Pennsylvania dairy farmers have been under continuous pressure of decreasing fluid milk consumption in the country and tight markets met by production surpluses and tariffs. Congressman Glenn Thompson led a summit at Mount Aloysius College in Cambria County Monday, reassuring producers and farmers that a handful of new policies would offer meaningful assistance to the industry.
“The new farm bill provides critical support for production agriculture across the board,” Thompson said. “Support comes in the form of voluntary insurance, agriculture extension services, rural development and conservation programs.”
Voluntary insurance, known as the Dairy Margin Coverage program, issues payouts to farmers when their profit margins fall below a certain level. In July, the Department of Agriculture began paying about $100 million dollars in insured milk production.
About 100 people, including farmers, producers and state government representatives, attended. The panel at the summit included U.S. Secretary of Agriculture Sonny Perdue, Pennsylvania Secretary of Agriculture Russell Redding and Congressmen Fred Keller and John Joyce. They expressed support for the Farm Bill but also for the Trump administration’s proposed United States-Mexico-Canada Agreement.

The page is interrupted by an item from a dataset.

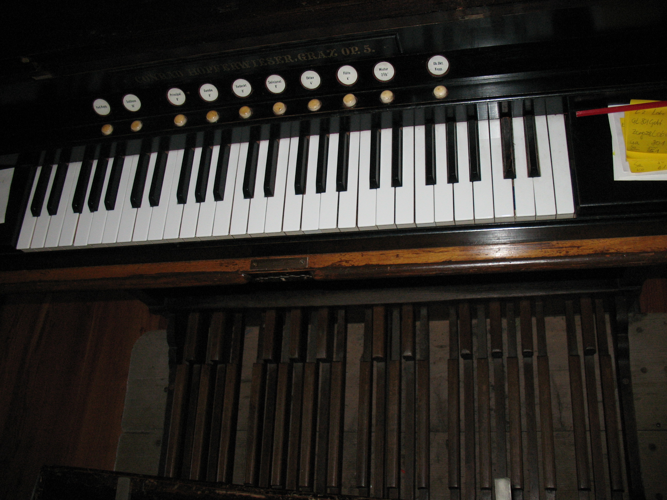 Die Orgel wurde im Jahre 1896 von Conrad Hopferwieser gebaut. Über der Klaviatur befindet sich ein längliches Holzschild:

Thompson said, in addition to current safety net measures, USMCA will expand markets for dairy farmers. A critical component in the proposal is eliminating a category of dairy products in Canada, which Thompson said hurts U.S. dairy exports.
Perdue said USMCA is not only important for the region, but also sends a signal of broader trade policies of the United States.
“If we can’t do a deal, an agreement, with our closest neighbors and two of our largest trading partners, the world’s gonna say, ‘Why should we do a trade deal that way?’” Perdue said.
Maggie Curtis, a dairy farmer from Corry, Pennsylvania, said that corporate consolidations are putting family farms out of business. She hopes more local producers can process their own products and trade freely in the long run. Redding responded that the state is working to get investments that would keep family dairy farms in Pennsylvania.
Thompson also promoted a bill he sponsors that would bring whole milk back to schools.
“There’s legislation that we need to do, but there’s a lot of other things we need to keep doing,” he said.